Another very useful piece of interactive software is Objection! by Ashley Lipson, which is distributed by Transmedia, Inc. in Toledo, Ohio. Mr. Lipson is the author of two books on evidence published by Matthew Bender. Objection! is a wonderful and relatively inexpensive program (under $150) that places the viewer in a simple animation of a murder trial. The viewer represents the defendant, and by using letter codes on the keyboard (e.g., H for Hearsay, B for violates the Best Evidence Rule, Q for Proper Question) the viewer either objects as a prosecutor questions witnesses, or indicates the particular question is proper. A quirky sense of humor often surfaces. Faced with a difficult witness, for example, the prosecutor may indulge in a few colorful insults.
Points are awarded for responding quickly and correctly; the quicker, the higher the score. At the end of the witness's testimony questions are asked about its substance. By accruing enough points and answering the post-testimony questions correctly, the user may proceed to the next witness. Success at each level allows the viewer to hear the testimony of five witnesses, with the real murderer identified at the fifth level.
All of this roughly reflects the need to make fast and correct decisions at trial, and to recall the important aspects of a witness's testimony. The program seems to have endless permutations so that the questions, testimony and crucial facts change from use to use. The real culprit also changes. You will be glad to hear, however, that your client is always innocent.

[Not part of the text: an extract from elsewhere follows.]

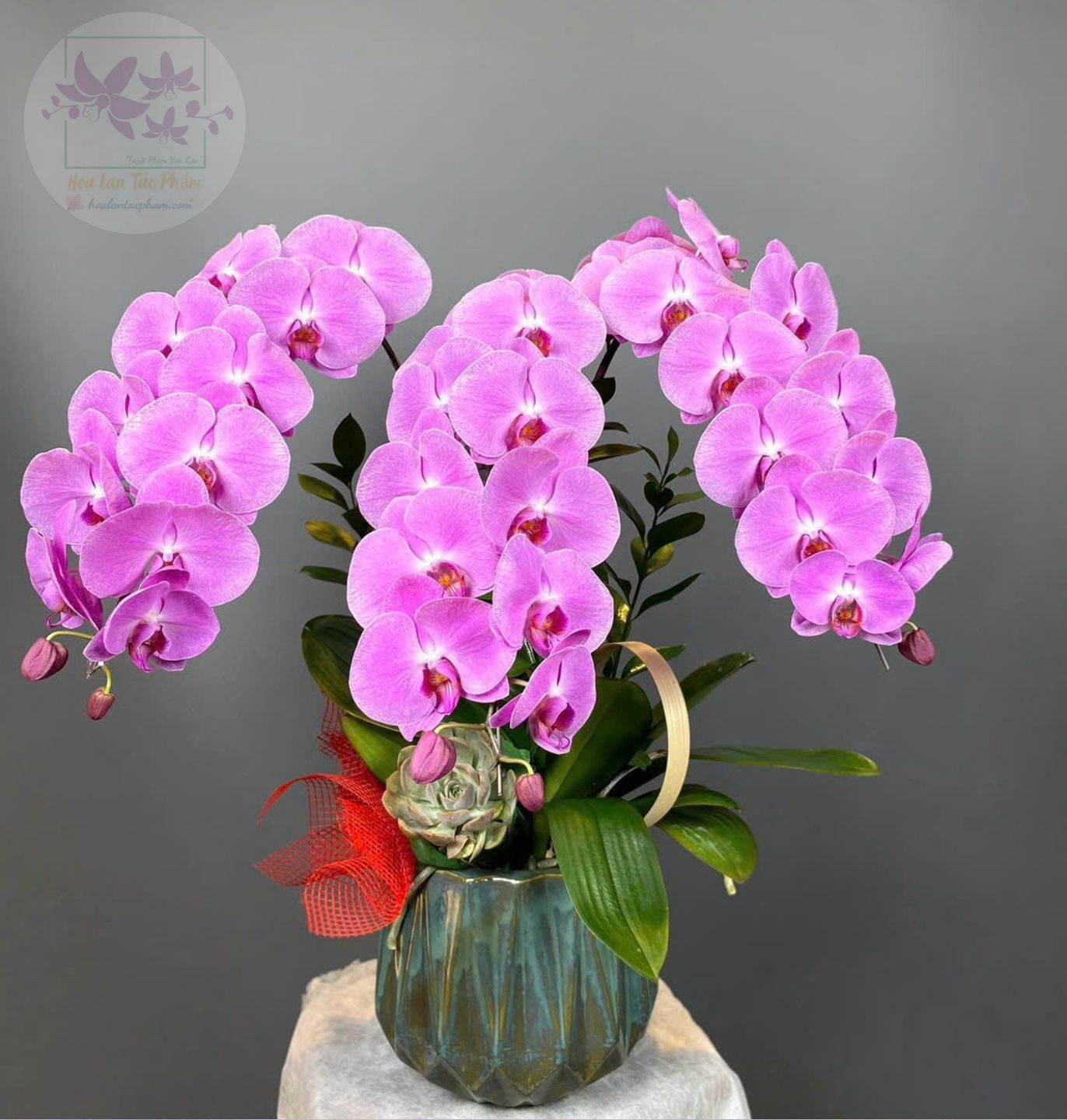Mỗi nghệ nhân cắm hoa sẽ tạo ra các mẫu hoa khác nhau, không hoàn toàn giống nhau 100% và có độ tùy biến đôi chút, hoalantacpham.com cam kết đảm bảo tầm 90%-95% như mẫu cho quý khách hàng (100% sản phẩm hoa lan từ người dân làng hoa Lâm Đồng)

The most recent update of Objection! contains an "Explanation" feature which can be accessed after each question. The application of the rule or principle to the particular question is then explained, with citations. Evidentiary issues are given more comprehensive treatment in Mr. Lipson's well written materials which accompany the software.
A Beta version of a civil Objection! program has just been released. Based on automobile accident lawsuit, it covers documentary, demonstrative and testimonial evidence issues. It appears to match and even surpass the high quality of the original Objection!
Inevitably this kind of program requires a central coordinator. Our office administrator assists in calendaring the events, tracking down information on new resources, making arrangements with outside speakers, and contacting professional organizations. She also makes sure bagels, donuts and the like are available for a morning meeting, or a catered meal at lunch.
Partnership commitment also is essential. Our managing and hiring partners both are integrally involved with the program. All our partners have set aside time to lead educational meetings and otherwise lend assistance. The process itself has added to firm camaraderie and given associate education a needed emphasis among the distractions of our day to day practice.
Investing in associate development is investing in the firm's future. A law firm's single most important asset is the excellence of its lawyers. Any long range plan must address the need to help young lawyers improve themselves.
In-house educational programs help fill that need. Such programs can be cost-effective even for small and medium-sized firms. They also promote firm camaraderie, and recapture some of the benefits of mentoring lost in today's practice.